Gandzia to potoczna nazwa marihuany - wysuszonych kwiatostanów konopi, które kiedy się je pali stają się używką, rodzajem substancji psychoaktywnej takiej jak tytoń czy alkohol.
W Polsce zarówno produkcja, pośrednictwo w sprzedaży, jak i samo posiadanie marihuany jest nielegalne. Za posiadanie marihuany grozi kara do trzech lat pozbawienia wolności, natomiast udzielanie marihuany innej osobie zagrożone jest karą do 10 lat pozbawienia wolności.
Zarówno działacze ruchu Wolne Konopie, jak i kandydaci Europy Plus Twój Ruch przekonują, że to bez sensu. Dlatego wykorzystują zainteresowanie mediów kampanią wyborczą i promują ideę legalizacji tej używki.
Gandziobus przyjechał do Krosna aż z Pomorza. To właśnie tam z listy Europy Plus kandyduje Maciej Kowalski, działacz ruchu Wolne Konopie. To on był pomysłodawcą Gandziobusa. - Najpierw jeździliśmy po całym województwie pomorskim, później uznaliśmy, że to dobra forma kampanii wyborczej i wyruszyliśmy w Polskę - wyjaśnia.
Lider Gandziobusa opowiada, że podchodzą do niego ludzie w różnym wieku - od 30 do 60 roku życia. - Większość jest na "tak", czyli za legalizacją marihuany. Zdarzyło mi się raz, że nawet policjant mnie poparł. Powiedział, że policja nie powinna ganiać po ulicach za gośćmi z jointami.
O co najczęściej pytają zainteresowani? - Pytają żartobliwie, czy mamy coś do jarania (śmiech). Ale także o to, co robimy.

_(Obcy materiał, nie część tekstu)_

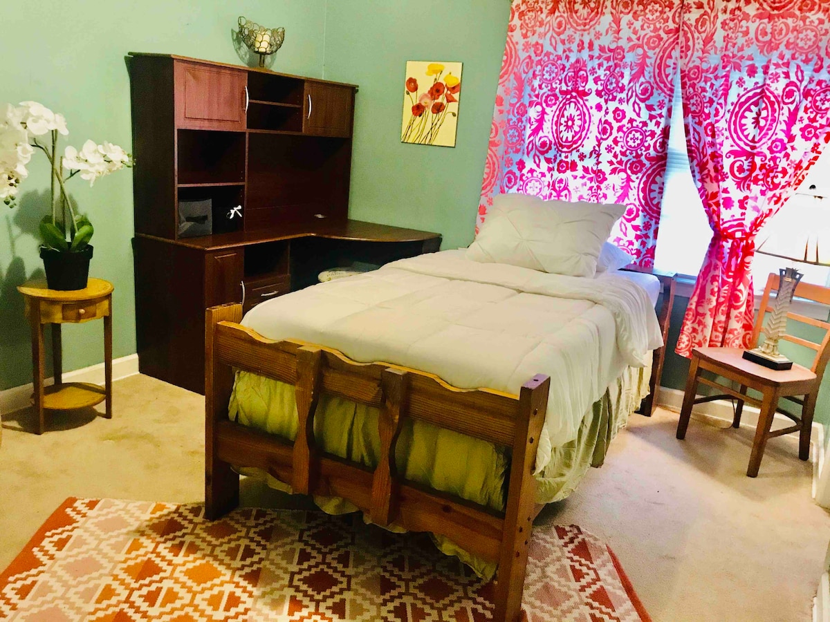 2 chambres SÉPARÉES/1 salle de bain partagée. Peut accueillir 3 personnes. Une chambre a un lit confortable en mousse à mémoire de forme Twin, 1 salle de bain complète Roku TV. Dans l'autre chambre Un lit Queen Size de rêve, une décoration chic/vintage, une atmosphère relaxante, un éclairage calme, avec une télévision/Roku/Netflix/Hulu et plus de chaînes! Modeste/confortable/propre. Pas toujours aussi calme, les voyageurs et nous-mêmes ont différents horaires. Bkfst continental, bevs et snacks pour vous ! Réfrigérateur/garde-manger 4u dans la cuisine. pas DE CUISSON. pas DE CUISSON.
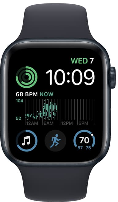 Apple Watch SE 2nd Gen -älykellon avulla voit elää aktiivisemmin ja olla valmis tulevaan. Pysy yhteydessä muhin, seuraa kuntoilua, näe mihin olet menossa ja mittaa sykettäsi kaikkina päivän aikoina.Tutustu ominaisuuksiin

Teraz zbieramy podpisy pod europejską inicjatywą obywatelską - chcemy, żeby Komisja Europejska doprowadziła do legalizacji marihuany w całej Europie.
- Tworzymy wspólny rynek, jest swoboda przepływu towarów, a w zakresie marihuany każdy kraj stosuje własną politykę - mówi działacz ruchu Wolne Konopie. W Czechach można mieć niewielką ilość trawy na własny użytek, ale już w Polsce to karalne. W Hiszpanii z kolei można uprawiać krzewy i rozdawać je znajomym. - To jest wzorcowe rozwiązanie, bo pozwolenie na samo posiadanie marihuany promuje mafię, bo przecież ktoś musi to wyhodować i sprzedać. Gdyby każdy mógł sobie uprawiać krzewy, mafia nie miałaby wpływów - przekonuje Kowalski.
- Rząd powinien się nad tym zastanowić, bo pieniądze leżą na ulicy. Żeby dać pieniądze opiekunom dzieci niepełnosprawnych zabiera się środki z funduszu drogowego. Więc my postulujemy - pieniądze zabierzcie mafii.
Do Gandziobusa podchodzili chętnie krośnianie. Jeden z młodych ludzi opowiadał o swoim koledze, który jest chory na stwardnienie rozsiane. - Kiedyś trzy razy dziennie brał zastrzyki. Teraz pali. To mu pomaga. Może choroba nie ustępuje, ale nie postępuje tak szybko, nie powoduje tyle bólu. Gdyby jednak ktoś się dowiedział, że pali - to jest zniszczony.
Krośnianie twierdzili też, że palenie "gandzi" szkodzi mniej niż alkohol. - Konopie wyrastają z ziemi, z natury, nic nie jest tu chemicznie przetwarzane. Jak można zakazywać czegoś naturalnego? Hipokryzją jest ten zakaz, bo każdy zna kogoś, u kogo można kupić trawkę - mówiła jedna z osób, która przyszła odwiedzić Gandziobus.
W województwie podkarpackim z listy komitetu wyborczego Europa Plus Twój Ruch z pierwszego miejsca kandyduje Marta Niewczas - sześciokrotna mistrzyni świata w karate tradycyjnym, doktor nauk o kulturze fizycznej, radna Rzeszowa. Z Krosna kandyduje Grażyna Szelc - nauczycielka języka angielskiego.
Wybory do Parlamentu Europejskiego odbędą się 25 maja (niedziela).